Все, что можно вставить в женское тело, в хотя бы минимально предрасположенные к приему отверстия, - все вставляется. Всюду. Это происходит непрерывно, на износ, круглосуточно, бесстрашно, с педантичным отслеживанием - не пропустила ли благоверная хоть один оргазм, не уклонилась ли от прочувствования его художеств. Мне на ум уже приходят забавные сравнения: сексуальная тюрьма. Я в кандалах, не убежать. Даже просто поспать на наших пуховых нарах - почти невозможно. Сам он спит время от времени, иногда может заснуть в полной горячей ванне. Но только открываются глаза - он хватается за меня, и продолжается моя сладкая каторга. Ничего подобного со мною никогда не было. Гиперсексуальные юноши, толпами слоняющиеся вокруг и кругами, ни на что подобное не способны. Они, во-первых, занимаются решительно собою. Во-вторых, они все - временщики по духу контакта. В-третьих, фантазия, помноженная на интеллект и колоссальную выносливость, - огромная редкость. У мужа все есть. Он надежно превращает меня в с в о ю жену, обустраивая с е б е сексуальный комфорт, но делает это так вдохновенно, что у меня не возникает желания убежать из тюрьмы. Я уже махнула рукой на весь мужской мир, потому что в нем нету Д. Он есть здесь, в нашем доме. Иногда он говорит, что хочет предельно развратить меня. Развратить?

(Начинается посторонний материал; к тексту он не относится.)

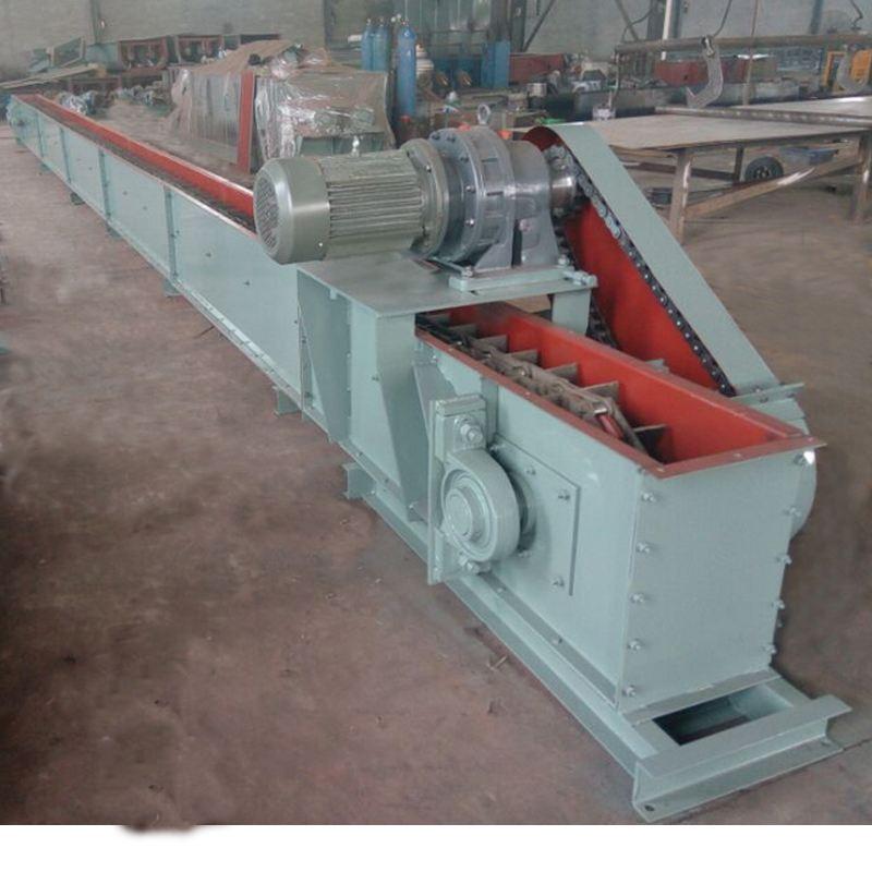 埋刮板輸送機是一種在封閉的矩形斷面的殼體內(nèi),借助于運動著的刮板鏈條連續(xù)輸送散狀物料的運輸設(shè)備。埋刮板輸送機結(jié)構(gòu)簡單,重量輕,體積小,密封性強,安裝維修方便。它不但可水平輸送,也可傾斜或垂直輸送sk多點加料,多點卸料,工藝布置靈活,全封閉輸送不污染環(huán)境。當(dāng)發(fā)生過載時,抗沖擊繼電器馬上切斷電源,保護(hù)整機完好。我公司研制的新型埋刮板輸送機采用板式刮板、頭部卸料口加長、卸料拍打裝置、中間寬卸料口以及加大彎曲段圓弧半徑等措施,成功的解決了頭部積料和尾部積料,同時MC、MZ埋刮板輸送機彎曲段不易堵料, 大的提高了埋刮板輸送機的使用可靠性。技術(shù)性能優(yōu)于其它廠家生產(chǎn)的普通型埋刮板輸送機,外形尺寸與普通埋刮板輸送機基本相同。

– смеюсь я. Он тоже смеется и говорит, что на месте этого глагола должен стоять синоним, обозначающий беспредельную и повсеместную чувственность, способную легко отзываться не только на любого мужчину, но на шорох ветра... Зачем это тебе?
– спрашиваю я. Будут же другие у тебя, заботливо поясняет он. И когда они, скажи на милость, будут? Да хоть сейчас, отважно говорит он. Давай позовем кого-нибудь, добавляет он. Кого же?
– спрашиваю я. Он думает. Пока думал, завелся - и по новой.
– Надумал?
– повторно интересуюсь я.
– Надумал, - решительно говорит Д.
– Кого?
– Никого, - отвечает Д.
– Почему вдруг такие скачки?
– делаю удивленный вид я.
– Я сделал тебя для себя.
Приехали, называется. То воля, то свобода, то "будут другие", - то вдруг нате вам.
– И ты будешь ревновать меня?
– с ужасом спрашиваю я.
– Нет, но я хочу все про них знать. Расскажи, если сделаешь что-нибудь. Только поподробнее. Или - лучше всего - приводи домой. Сделаем вместе. Ты уже не та, что была месяц назад. Ты теперь - отлаженная сексуальная машина. А это должно работать. Вдруг испортится...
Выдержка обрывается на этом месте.